Dat sinn echt harte Zeiten für Sie , als FDP-fan, oder? Realitetsverweigerung hift da aber auch nicht weiter. Aber nicht verzagen: "Die Liberalen in ihrem Lauf halten weder Ochs nochEsel auf!"
:-))
… muss immer ein gesatteltes Pferd bereithalten.
Griechenland hat sich in den Ruin gewirtschaftet. Warum ist Rösler der Einzige, der das erkannt hat?
Rösler ist der fähigste und kompetenteste Minister in dieser Regierung. Ein Leuchtturm im Meer der Ahnungslosigkeit und Agonie.
Mit der FDP haben die deutschen Bürgerinnen und Bürger keine Einschnitte zu befürchten, um einen maroden griechischen Staat zu retten. Die Folgen der sozialistische Misswirtschaft der Griechen, bleiben auch in Griechenland.

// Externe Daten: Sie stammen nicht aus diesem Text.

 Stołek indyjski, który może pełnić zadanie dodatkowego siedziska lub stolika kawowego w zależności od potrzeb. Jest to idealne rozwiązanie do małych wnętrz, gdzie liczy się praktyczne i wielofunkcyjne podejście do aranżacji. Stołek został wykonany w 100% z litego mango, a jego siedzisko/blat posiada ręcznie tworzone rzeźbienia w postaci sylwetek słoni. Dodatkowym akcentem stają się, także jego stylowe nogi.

Natürlich ist es auch eine Frage der Mentalität. Die Bürgerinnen und Bürger in Griechenland haben sich in freien Wahlen für unfähige Parteien entschieden. Von daher hat diese Nation die Folgen auch in vollen Umfang zu tragen. Vielleicht sollte man den Griechen eine FDP - nach deutschem Vorbild - wünschen, denn mit deren Wirtschaftskompetenz wäre dies nicht passiert.
Den griechischen Bürgerinnen und Bürgern steht eine Zeit mit empfindlichen EInschnitten bevor. Erst in 10 oder 20 Jahren, wird man über die eine oder andere Sparmaßnahme nachdenken können, aber dies soll nicht das Problem der bundesddeutschen Bürgerinnen und Bürger sein.

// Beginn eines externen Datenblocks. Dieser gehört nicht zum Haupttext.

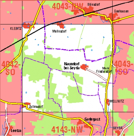 Maßstab 1:10 000, Nomenklatur: 4043-SW, Name des Kartenblatts: Mellnitz, Auflagejahr: 2023, Blattschnitt: Normalblattschnitt (Preußische Landesaufnahme), Gradabteilungskarte mit 5 min geographischer Länge und 3 min geographischer Breite, Geodätischer Raumbezug: GRS80-Ellipsoid, ...

Der deutsche Wähler hat sich 2009 für die Freiheit entschieden und FDP gewählt. Es war ein harter Kampf für die Liberalen, doch die Ergebnisse können sich sehen lassen. Die Senkung des Umsatzssteuersatzes im Gastgewerbe, hat zehntausende Arbeitsplätze gesichert. Der Ausstieg aus der Kernkraft als Signal zum Übergang ins Zeitalter der erneuerbaren Energien.
Eine Legislaturperiode ist für Großprojekte wie die Abschaffung der gesetzlichen Krankenkassen, zwecks Schaffung eines wirklichen Marktes oder eine grundlegende Reform der Renten- und Sozialpolitik - durchaus verbunden mit Grundsatzfragen - nicht ausreichen
2013 entscheiden die Bürgerinnen und Bürger nicht nur das Schicksal ihrer eigenen Nation, sondern über das eines ganzen Kontinents. Dann wird man sich entscheiden müssen, zwischen liberaler Freiheit oder sozialistischer Kollektivhaftung. Zwischen Stabilität der Finanzmärkte und Misswirtschaft.
Griechenland braucht Hilfe und gerade Deutschland kann diese offerieren. Es mus auf EU-Ebene eine Regelung getroffen werden, dass die Bürgen für Pleiteländer auch die Hoheit über den Staatshaushalt übertragen bekommen. Zugleich ein Vetorecht bei allen legislativen Angelegenheiten.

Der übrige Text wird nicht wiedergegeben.